ACTIVITY: Retype, exactly as they stand, the lines from the start of the data to the line that contains "Primark Womens Blue", both ends included. Leave the pictures out.

GIVEN INFORMATION:
====

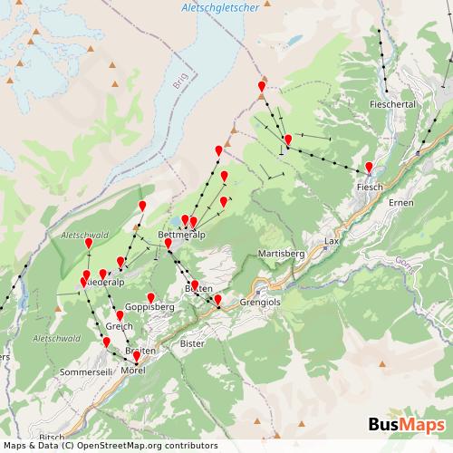 Abag (Aletsch Bahnen Ag), based in Brig, Valais, Switzerland, offers a network of 8 public transport routes, including Bus and Cable car. Our platform provides detailed and up-to-date information on routes, schedules, stops, and arrivals for all services operated by Abag (Aletsch Bahnen Ag). Whether you're planning your daily commute or exploring the area, our tools help you find the nearest stop and the best route to your destination.
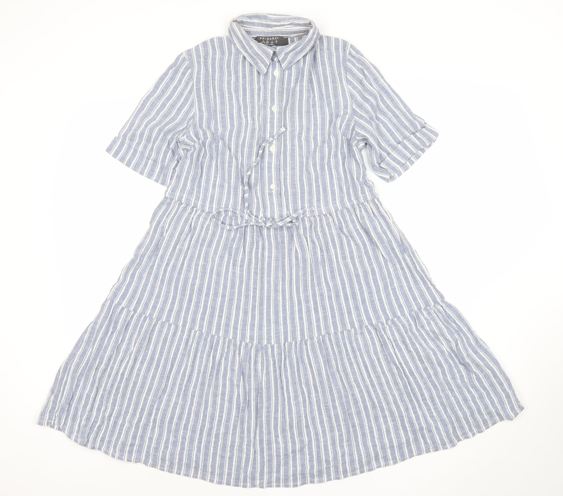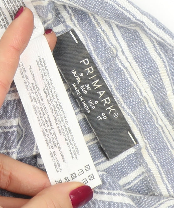Primark Womens Blue Striped Shirt Dress Size 8 Midi Cotton Blend
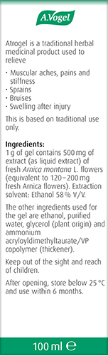 Atrogel® Arnica gel is a traditional herbal medicinal product used for the symptomatic relief of muscular aches, pains and stiffness, sprains and bruising, exclusively based upon long-standing use as a traditional remedy. Always read the leaflet
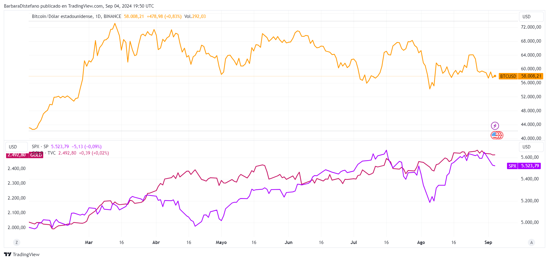 En contraste, como se ve a continuación, bitcoin cotiza a 20% del máximo histórico de 73.700 dólares (USD) que marcó hace seis meses. Aunque, lejos de resultar esto en debilidad para el mercado, sigue siendo el claro ganador del último año si se compara con el oro y las principales acciones.
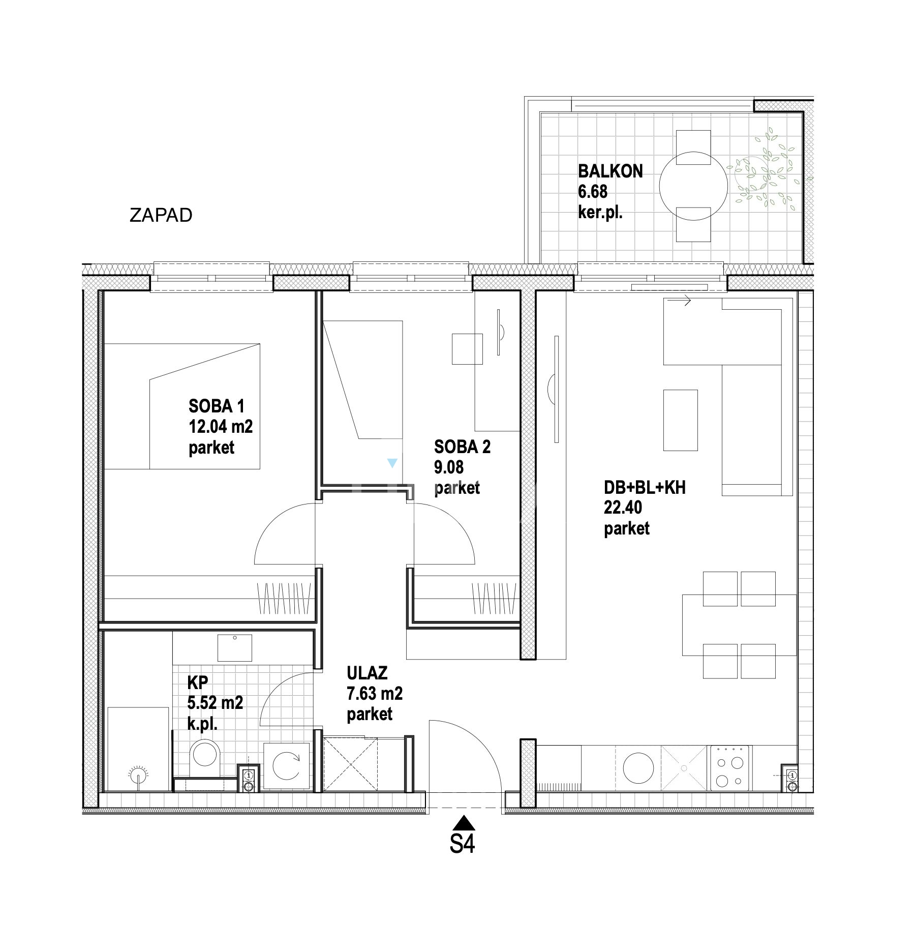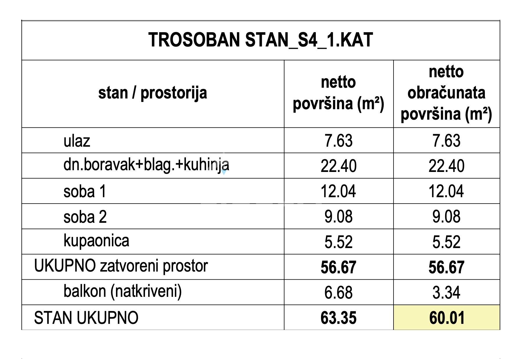 Prodaje se trosobni stan s4 površine 61,61 m2 na 1. katu zgrade s liftom.
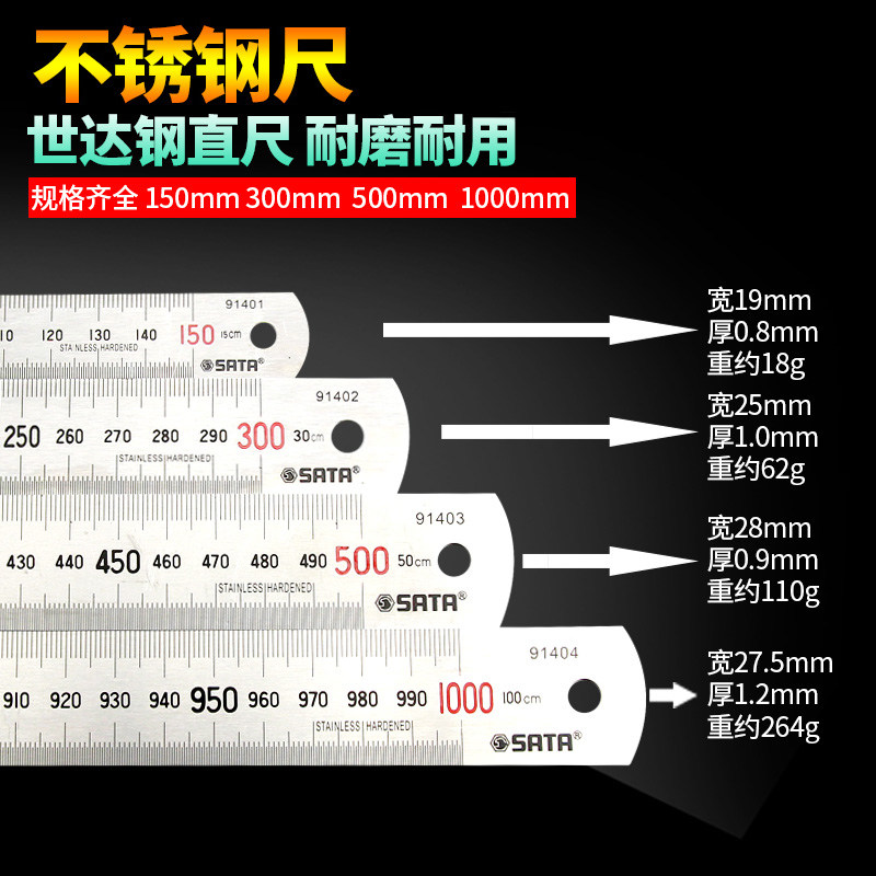 Stainless steel foot 15CM steel plate 30CM 50CM scale 100CM scale 100CM steel angle size 91401
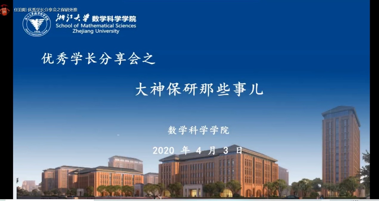 为了引导并帮助同学们进行升学规划,数学科学学院于2020年4月3日下午2:00,举办了“大神保研那些事”——线上经验分享会。会议邀请了7位2016级的优秀学长学姐,以过来人的视角,为数学科学学院的学子全面地介绍各校保研备考经验、深度剖析升学选择、解答常见疑难困惑。

====

SOLUTION BELOW:
 Abag (Aletsch Bahnen Ag), based in Brig, Valais, Switzerland, offers a network of 8 public transport routes, including Bus and Cable car. Our platform provides detailed and up-to-date information on routes, schedules, stops, and arrivals for all services operated by Abag (Aletsch Bahnen Ag). Whether you're planning your daily commute or exploring the area, our tools help you find the nearest stop and the best route to your destination.
Primark Womens Blue Striped Shirt Dress Size 8 Midi Cotton Blend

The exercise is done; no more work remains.